Music was always a force in my life. My introduction to metal was tiered. As a toddler, I soaked up classical music from my father’s records and live performances. (The roots of true metal are in epic classical compositions, not in the simplistic blues stylings that gave birth to rock ‘n’ roll.) A few years later, my elder brother was part of the punk movement. I enjoyed the raw energy and aggressiveness of his music. Punk’s angst resonated with me, but I couldn’t have imagined the life-changing impact that was about to come in the form of heavy metal. At age ten, when I heard the riff of Saxon’s Princess of the Night carving through cold night air on the west coast of Scotland, my horizon blew open. Vivid images appeared in my mind, stirred up by the lyrics, “She used to be an iron horse twenty years ago, used to bring the mail to me through the ice and snow. I sat alone and watched her steaming through the night, ninety tons of thunder lighting up the skies. She was the princess of the night.” The hair on my arms and neck pricked up. Shivers trickled down my spine. Inside, my soul went berserk. The experience was at once visceral, cerebral, sensual, spiritual and celestial. I realised that this music had changed me: I had become a metal child. By the time I left primary school at age twelve, I’d amassed a huge amount of vinyl and cassettes, and had started going to live metal gigs at the Glasgow Apollo. First metal album bought: AC/DC – If You Want Blood (You’ve Got It). First metal gig: Iron Maiden, Glasgow Apollo, ‘Beast on the Road’ tour, 1982.

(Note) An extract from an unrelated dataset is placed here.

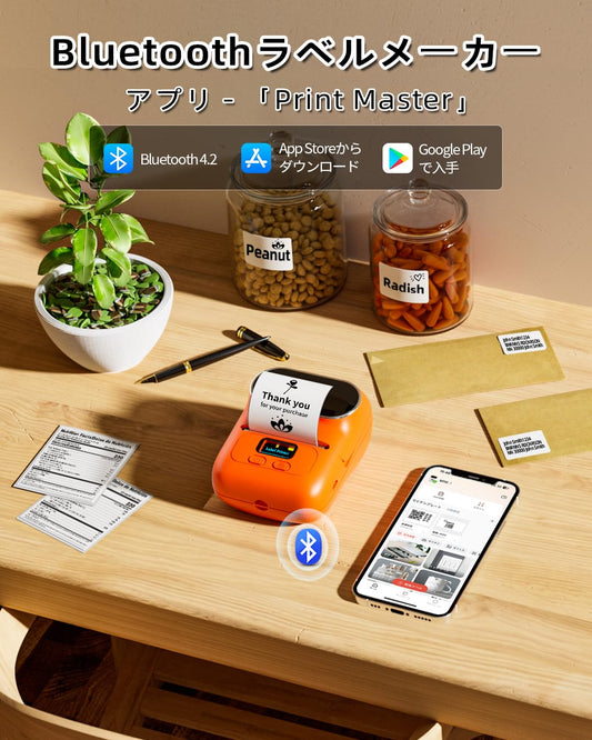 ラベルプリンター Pesuza M110 スマホ PC対応 宛名ラベルプリンター ラベルライター シールプリンター スマホプリンター バーコードプリンター qrコードプリンター サーマルラベルメーカー 充電式 ビジネス用 Bluetooth接続 宛先 領収書 食品表示 値札 アドレス DIY 幅20mmから50mmまで 黒文字 AndroidとIOS適応 連続印刷 オレンジ 40x30感熱紙付き
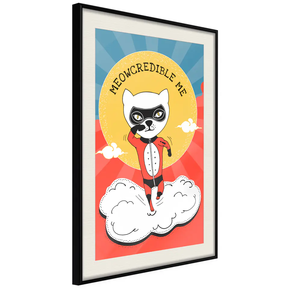 The poster is framed in a minimalist, light frame, exposing it against the background of the wall. The poster is protected with acrylic glass, a mounting hanger is attached to the back of the frame.

The novel is definitely not for the faint-hearted, and I suspect you deliberately went about finding as many ways as possible to be controversial. Knowing that this might alienate some readers, what were your motivations for this?

I set out with only one goal: to create the definitive work of heavy metal fiction. Certain elements of the story were bound to offend some people, but I didn’t worry about that. My job was to craft the story in its true form, not to dilute it. Controversy that followed – such as a castration threat from a Viking woman – was a side effect, but not something I had aimed for. Open-minded readers were always going to appreciate having their minds expanded, while those with delicate sensibilities were bound to be stunned by certain situations in Metallic Dreams. Shocking people into a higher state of awareness is more effective than preaching to them.  A writer can’t push the envelope if (s)he stays in a comfort zone, afraid of offending readers. To create original art, it is necessary to have an unflinching belief in one’s vision. Fearlessness is the key.

What are the top five songs that you'd compile into a set list of required listening for your Metallic Dreams readers? Why are these the "go to" songs in metal for you?

AC/DC – Whole Lotta Rosie, the live version from If You Want Blood (You’ve Got It). This is my favourite version of my favourite track by my favourite lineup of my favourite band. As such, it has to be on the list. I walked through a snowstorm for an hour to buy this, the first metal album I ever had on vinyl. I wandered home oblivious to the cold, spellbound as I held the record in my hands, gazing in awe at the cover. The album was recorded live at the legendary Glasgow Apollo (RIP), the venue of my earliest metal gigs. The crowd’s energy is more palpable than on any other live album I’ve heard. Part of that energy must derive from the audience’s excitement over AC/DC returning to Scotland as conquering heroes. (Angus and Malcolm Young were born in Glasgow, Scotland – as was I - while Bon Scott was born in Kirriemuir, farther north in a Scottish burgh called, amazingly, Angus.)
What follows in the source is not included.